→ Directions for this task:
Leaving out every picture, copy the lines of the data exactly, from the first through the line containing "2017年4月28日上午,天".

→ Supplied data:
▼▼▼
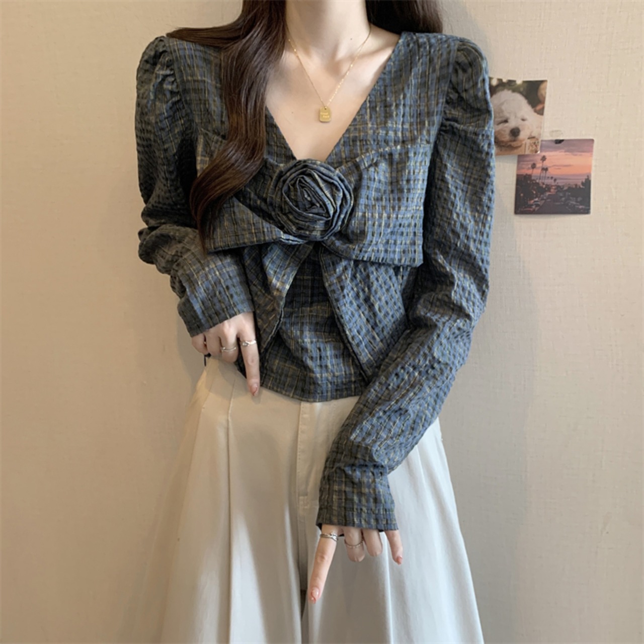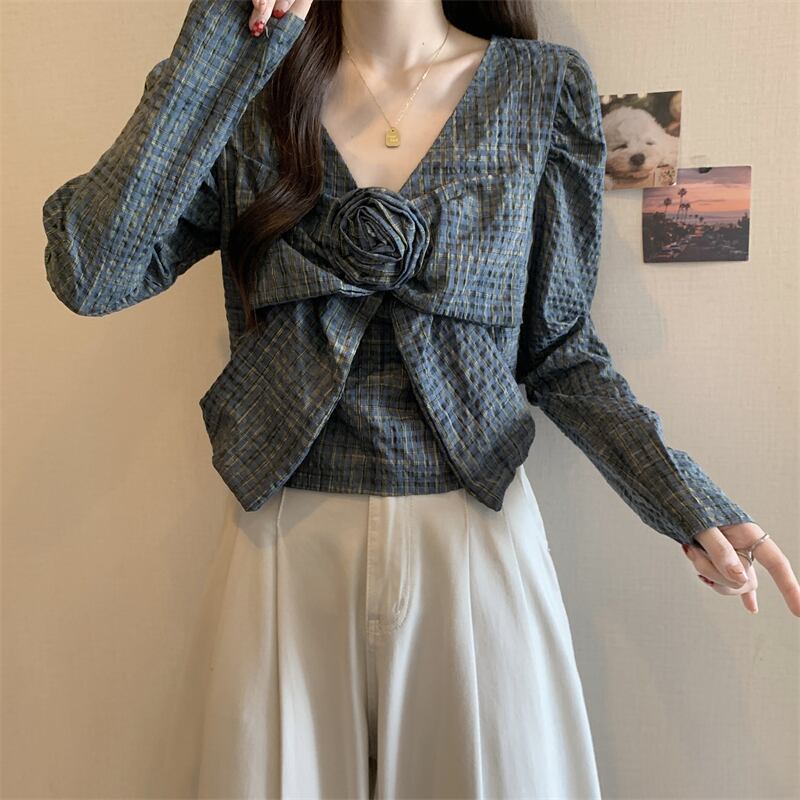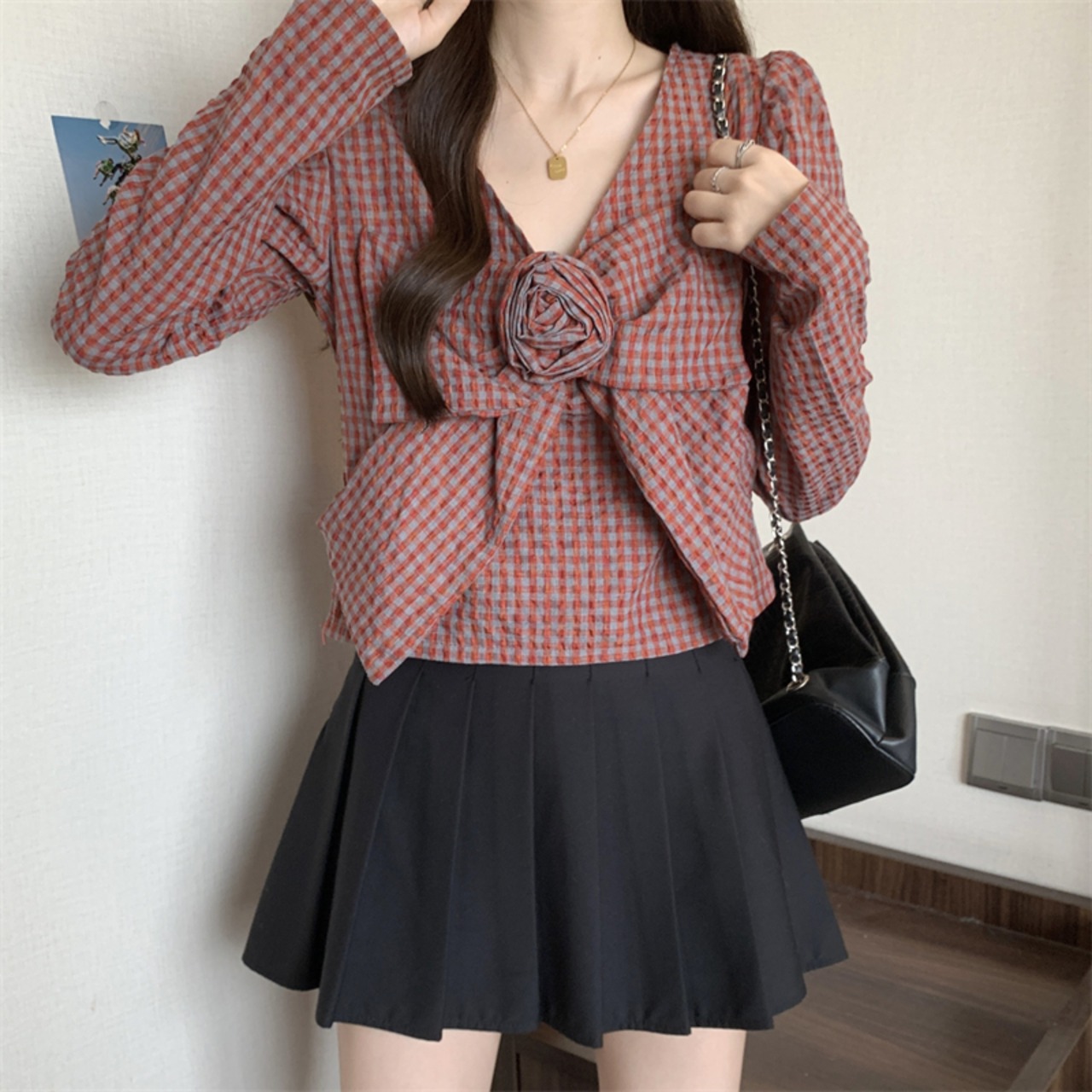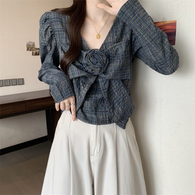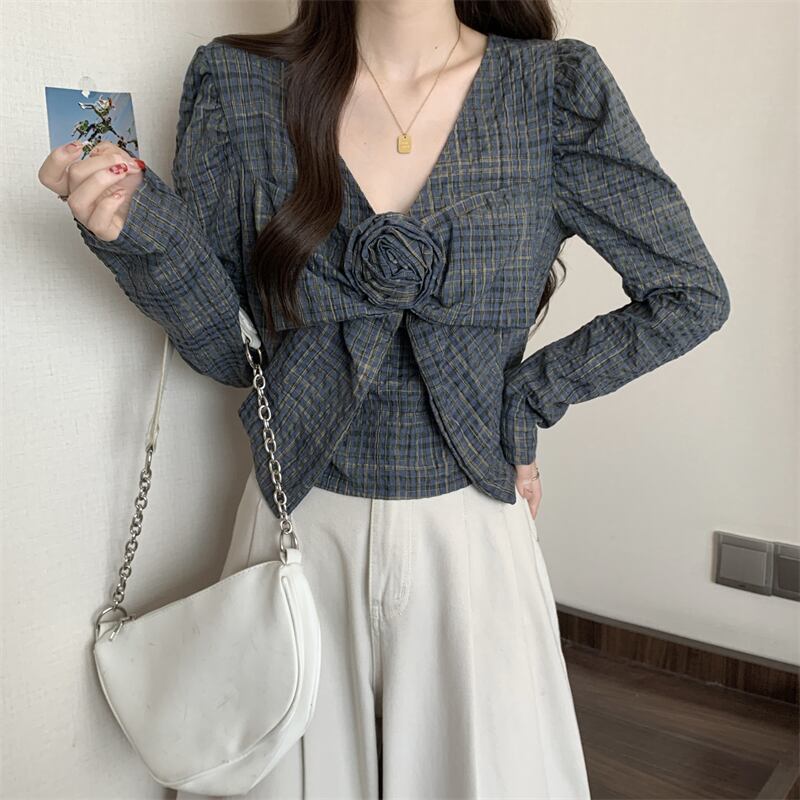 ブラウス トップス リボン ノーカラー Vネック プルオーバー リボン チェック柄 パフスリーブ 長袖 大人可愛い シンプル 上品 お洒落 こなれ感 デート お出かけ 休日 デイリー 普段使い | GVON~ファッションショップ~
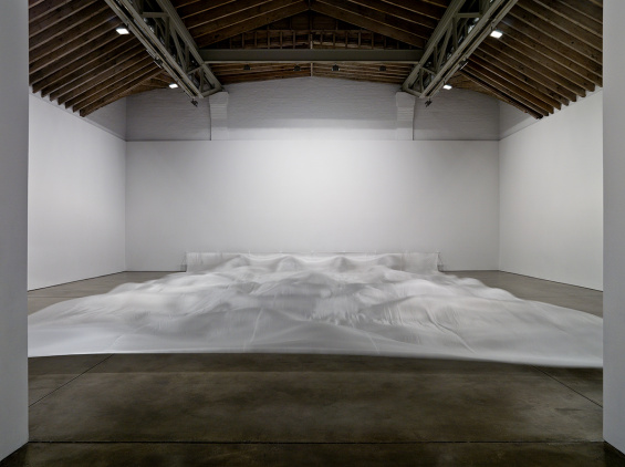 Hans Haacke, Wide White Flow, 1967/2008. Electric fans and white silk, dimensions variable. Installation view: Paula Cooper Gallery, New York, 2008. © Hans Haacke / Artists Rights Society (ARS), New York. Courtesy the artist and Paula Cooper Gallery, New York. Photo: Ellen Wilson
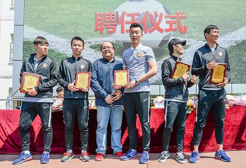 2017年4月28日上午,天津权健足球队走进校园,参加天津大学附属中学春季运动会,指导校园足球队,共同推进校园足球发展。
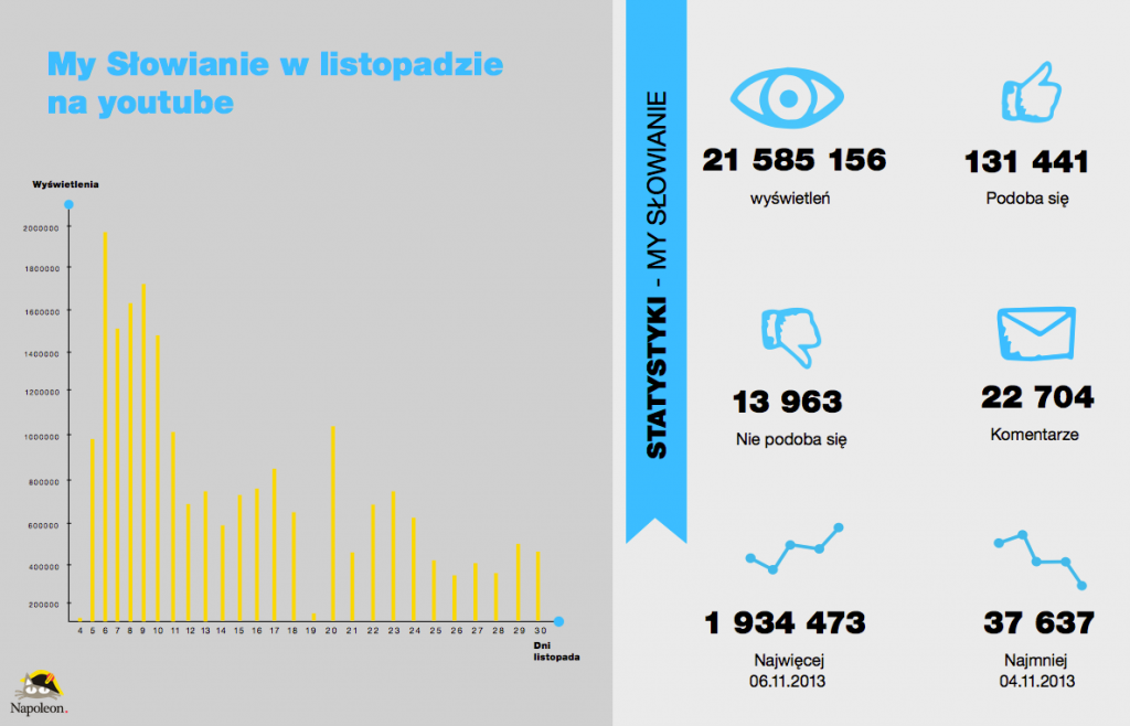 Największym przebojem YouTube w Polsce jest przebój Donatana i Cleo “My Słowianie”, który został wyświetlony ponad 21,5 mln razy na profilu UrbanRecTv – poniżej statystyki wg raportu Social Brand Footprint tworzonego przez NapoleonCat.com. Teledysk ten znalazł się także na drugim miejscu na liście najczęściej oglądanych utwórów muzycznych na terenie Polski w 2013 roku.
▲▲▲
→ Exercise output:
 ブラウス トップス リボン ノーカラー Vネック プルオーバー リボン チェック柄 パフスリーブ 長袖 大人可愛い シンプル 上品 お洒落 こなれ感 デート お出かけ 休日 デイリー 普段使い | GVON~ファッションショップ~
 Hans Haacke, Wide White Flow, 1967/2008. Electric fans and white silk, dimensions variable. Installation view: Paula Cooper Gallery, New York, 2008. © Hans Haacke / Artists Rights Society (ARS), New York. Courtesy the artist and Paula Cooper Gallery, New York. Photo: Ellen Wilson
 2017年4月28日上午,天津权健足球队走进校园,参加天津大学附属中学春季运动会,指导校园足球队,共同推进校园足球发展。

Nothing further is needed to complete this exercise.